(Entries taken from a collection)
---

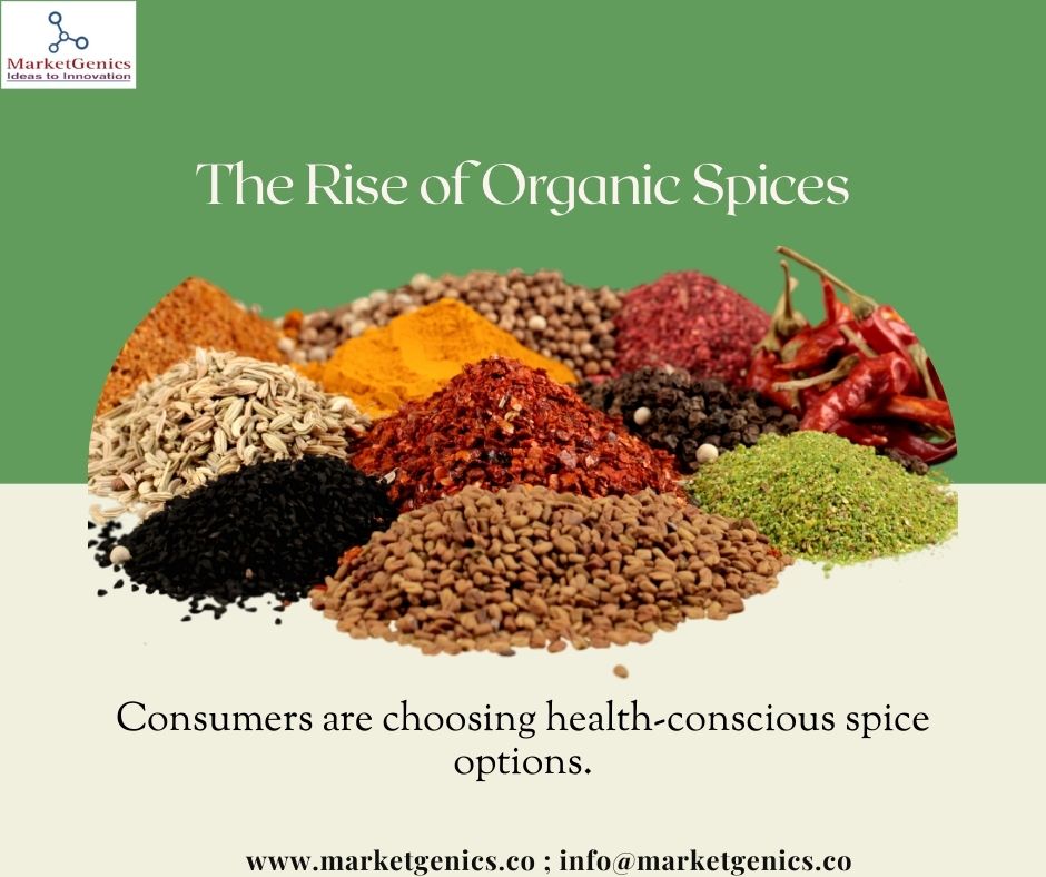 In a world market propelled more and more by health and nutritional consciousness, concern for the environment and responsible consumption, organic spices have become a significant force within the sustainable food movement. A dramatic shift is noted towards the organic spice industry as consumers look for dietary alternatives without chemicals. Clean-label packaging and organic farming are part of the organic spice industry boom, reflecting higher societal values of health and environmental concern. Let’s see what MarketGenics have to say on the spice industry.
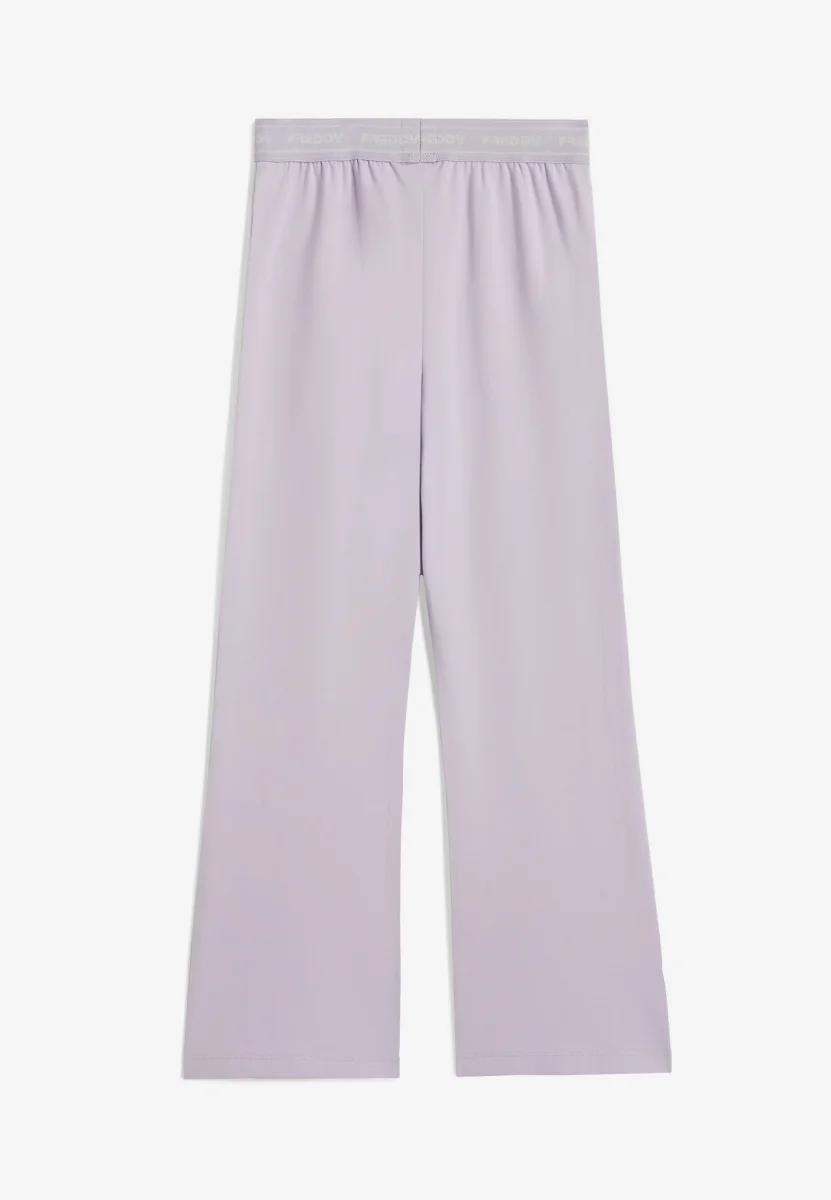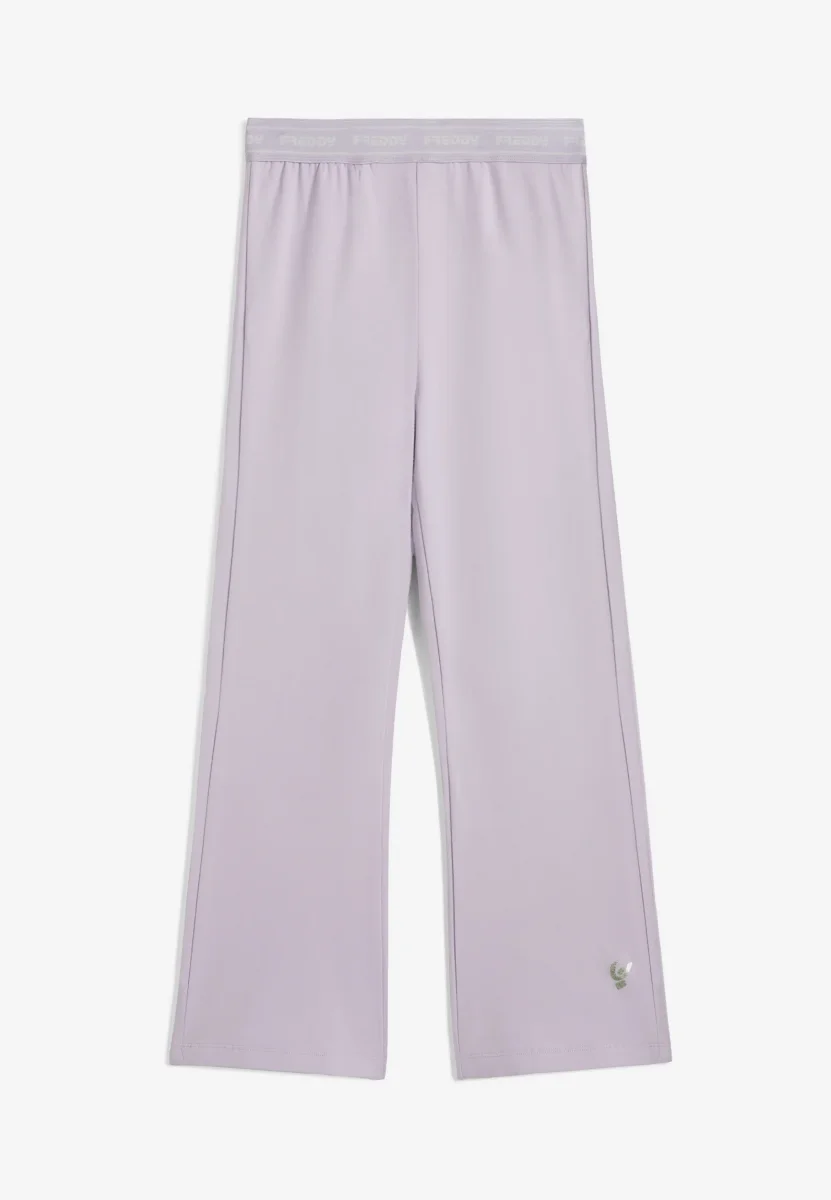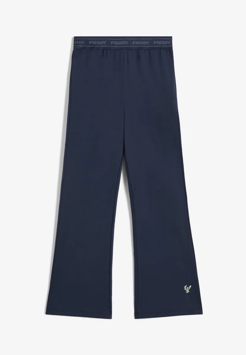 Pantaloni vestibilità regular da bambina e ragazza in felpa elasticizzata con un fit caratterizzato dal fondo svasato. Il modello ha vita con elastico in jacquard con logo FREDDY ripetuto, che assieme al piccolo logo stampato sul fondo sinistro, arricchisce i dettagli di stile di questi pantaloni che uniscono stile e comodità, perfetti per le attività sportive e per muoversi in libertà a scuola e nel tempo libero.
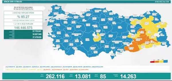 20 Mart'ta açıklanan 24 saatlik verilere göre, 13 bin 081 vaka tespit edildi. Virüs nedeniyle hayatını kaybedenlerin sayısı 85 oldu. Bir günde toplam 262 bin 116 test yapılırken, iyileşen hasta sayısı 14 bin 263 olarak kaydedildi. Sağlık Bakanlığı tarafından açıklanan tabloda, 2 doz aşılama verilerine de yer verildi. En az 2 doz aşı olmuş 18 yaş üzeri nüfusu kapsayan verilere göre Türkiye'de 2. doz aşılama ortalama yüzde 85,27 oldu. 1. doz ortalaması yüzde 93,04 olurken, 1., 2. ve 3. doz aşısını olan vatandaş sayısı toplamda 146 milyon 446 bin 575'e yükseldi.
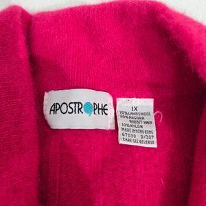 Apostrophe Womens Pink Lambswool Angora Sweater Sz 1X 80s Grannycore Preppy Work
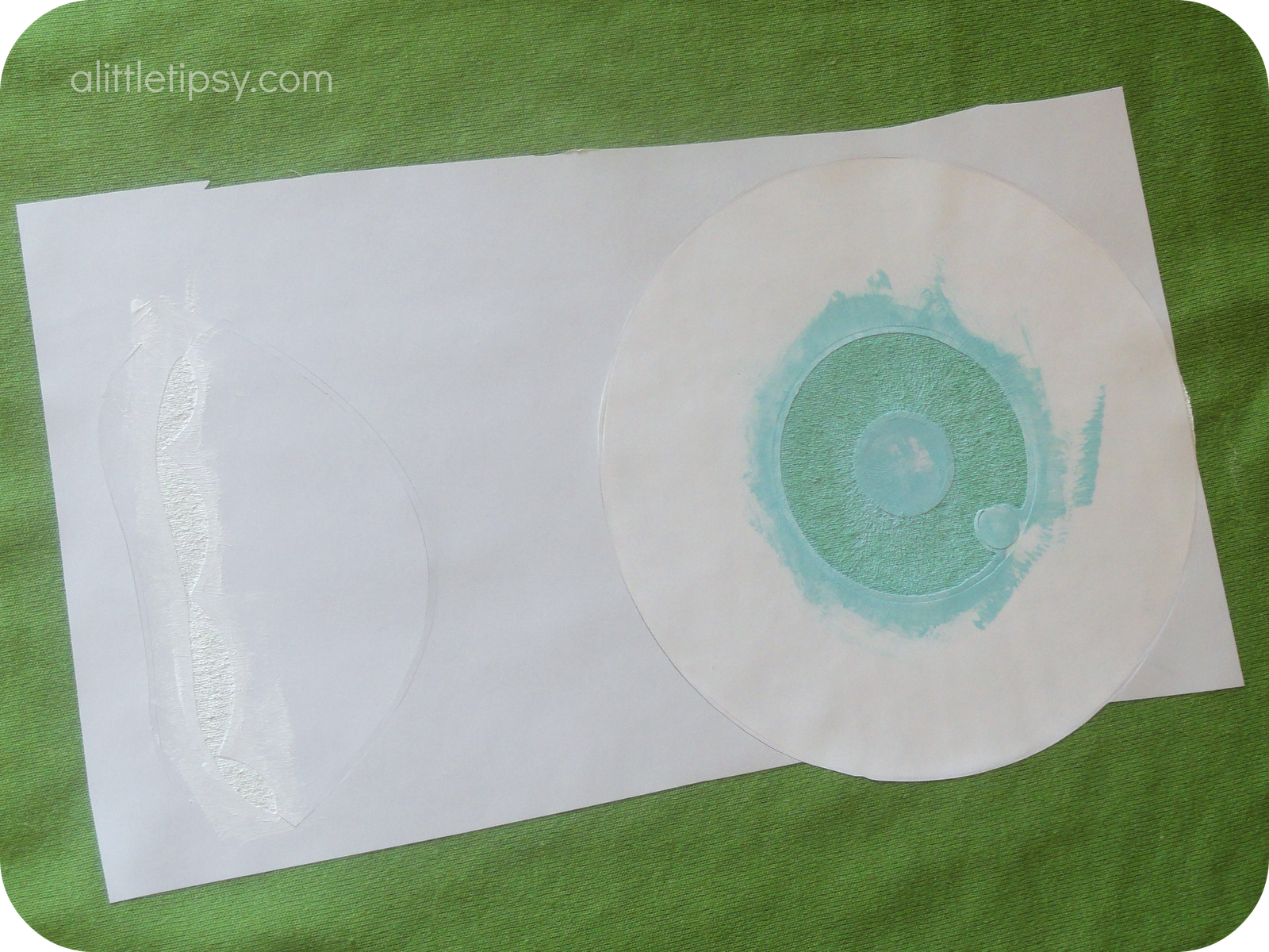 3. Using separate little bowls mix up black, white and green with the fabric medium according to package directions. Carefully paint by dabbing with the foam brush. Paint the mouth and the middle of the eye black. Paint the outer eye and little dot in the eye white. Paint the lip line green. Use as many coats as it takes to get the vibrancy you want. Let it dry completely.

---

- WHAT IS BEING ASKED
Omit the pictures. Print, word for word, the lines from the beginning of the entries above through the line that holds "Apostrophe Womens Pink".

- EXERCISE RESULT
 In a world market propelled more and more by health and nutritional consciousness, concern for the environment and responsible consumption, organic spices have become a significant force within the sustainable food movement. A dramatic shift is noted towards the organic spice industry as consumers look for dietary alternatives without chemicals. Clean-label packaging and organic farming are part of the organic spice industry boom, reflecting higher societal values of health and environmental concern. Let’s see what MarketGenics have to say on the spice industry.
 Pantaloni vestibilità regular da bambina e ragazza in felpa elasticizzata con un fit caratterizzato dal fondo svasato. Il modello ha vita con elastico in jacquard con logo FREDDY ripetuto, che assieme al piccolo logo stampato sul fondo sinistro, arricchisce i dettagli di stile di questi pantaloni che uniscono stile e comodità, perfetti per le attività sportive e per muoversi in libertà a scuola e nel tempo libero.
 20 Mart'ta açıklanan 24 saatlik verilere göre, 13 bin 081 vaka tespit edildi. Virüs nedeniyle hayatını kaybedenlerin sayısı 85 oldu. Bir günde toplam 262 bin 116 test yapılırken, iyileşen hasta sayısı 14 bin 263 olarak kaydedildi. Sağlık Bakanlığı tarafından açıklanan tabloda, 2 doz aşılama verilerine de yer verildi. En az 2 doz aşı olmuş 18 yaş üzeri nüfusu kapsayan verilere göre Türkiye'de 2. doz aşılama ortalama yüzde 85,27 oldu. 1. doz ortalaması yüzde 93,04 olurken, 1., 2. ve 3. doz aşısını olan vatandaş sayısı toplamda 146 milyon 446 bin 575'e yükseldi.
 Apostrophe Womens Pink Lambswool Angora Sweater Sz 1X 80s Grannycore Preppy Work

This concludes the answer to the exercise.